Now, after a new analysis by the attorney generals office placed the cost of building Cape Wind at more than $2.5 billion, 2 1/2 times the original estimated price tag, the state Department of Public Utilities is weighing whether National Grids proposed 15-year contract with Cape Wind is a good deal for ratepapers.
(Excerpt) Read more at boston.com ...
Isn’t that the project he cancelled last week because the state couldn’t afford it?
LOL. Is he getting rich?
Christie said he was willing to “reconsider” it. That doesn’t mean he’s accepting it though.
And Texas, by far, leads the nation in windpower.
In the near future(2013), the new windlines will be built and the Texas CREZ wind project will move forward and even more wind power will be generated in Texas.
Not to mention the potential for Texas offshore wind power. Texas has a leg up over other coastal states because Texas waters extend out 10 miles compared to 3 miles for other coastal states.
“Is he getting rich?”
He’s a high tech dentist. He’s rakin’ it in hand over fist!
Yes. LaHood swooped down to meet with Chrisite and make an offer Christie is willing to consider.
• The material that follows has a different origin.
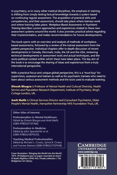 In psychiatry, as in many other medical disciplines, training is shifting from an emphasis on testing factual knowledge towards a system based on continuing assessment and the acquisition of practical skills and competencies. Workplace Based Assessments in Psychiatric Training describes current approaches to these new assessment systems around the world, provides practical advice regarding their implementation and makes recommendations for future developments. The book opens with an overview and analysis of methods of workplace based assessments, followed by a review of the trainee assessment from the patient perspective. Chapters contain in-depth, detailed discussion of recent developments in Canada, Denmark, India, the UK and the USA. The book reviews both technical developments in assessment tools and techniques and the socio-political context within which these have taken place. With a practical focus and unique global perspective, this is a 'must buy' for anyone responsible for the supervision of psychiatric trainees.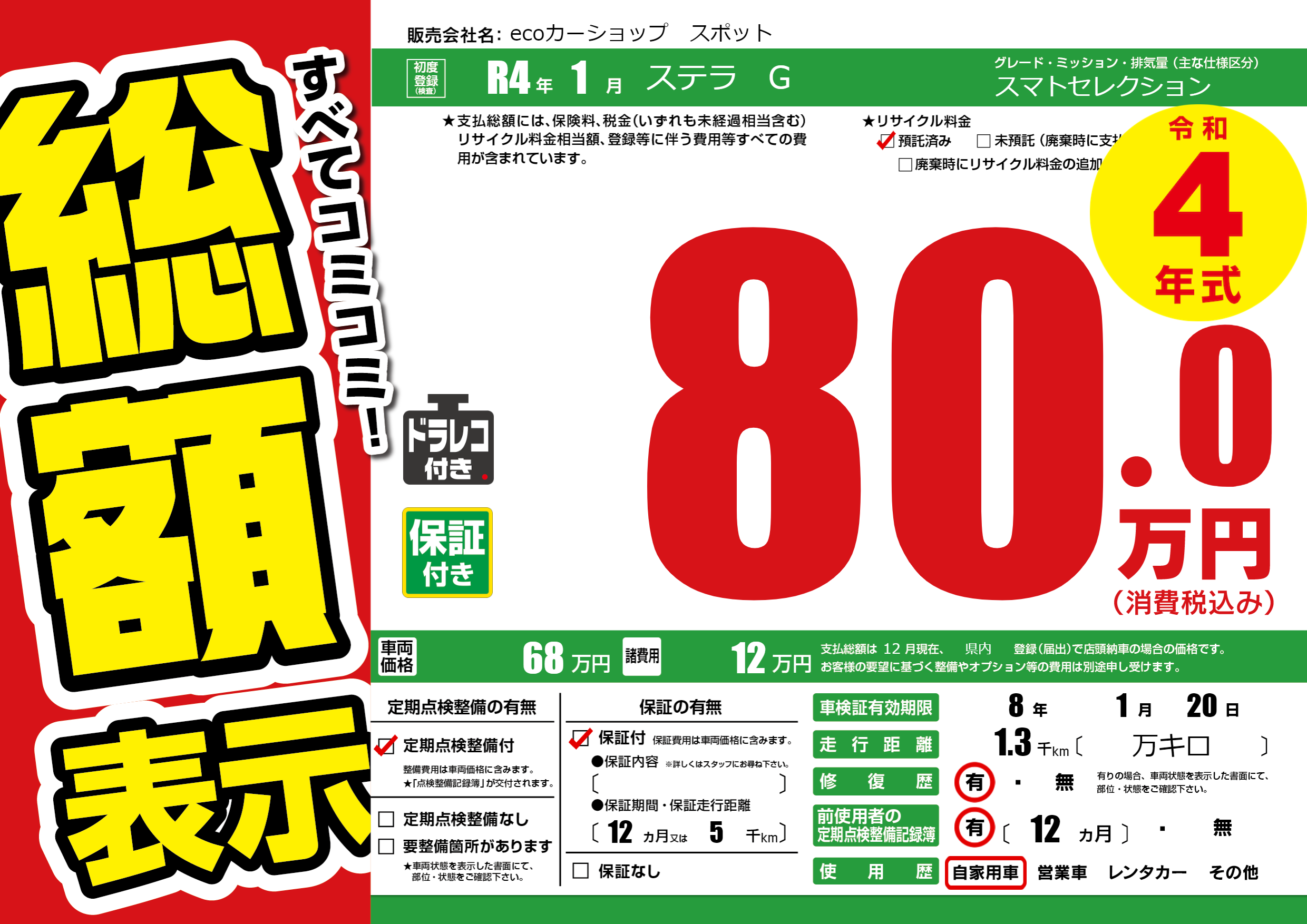 | 車名 | ステラ G | グレード ミッション 排気量 |

We’ll see what happens next but most likely it will be gummint dollars that saves the tunnel.
Since small consumers of electricity pay lower rates, the main impact will be on large users and business’s that will pay much more than 2% increase. This tends to drive business and jobs away from the higher rates. It isn’t as cheap as it sounds.
Wind trbines are all politics.
BUT, the energy source is “free” and renewable, so they’ll be at breakeven in about 2306.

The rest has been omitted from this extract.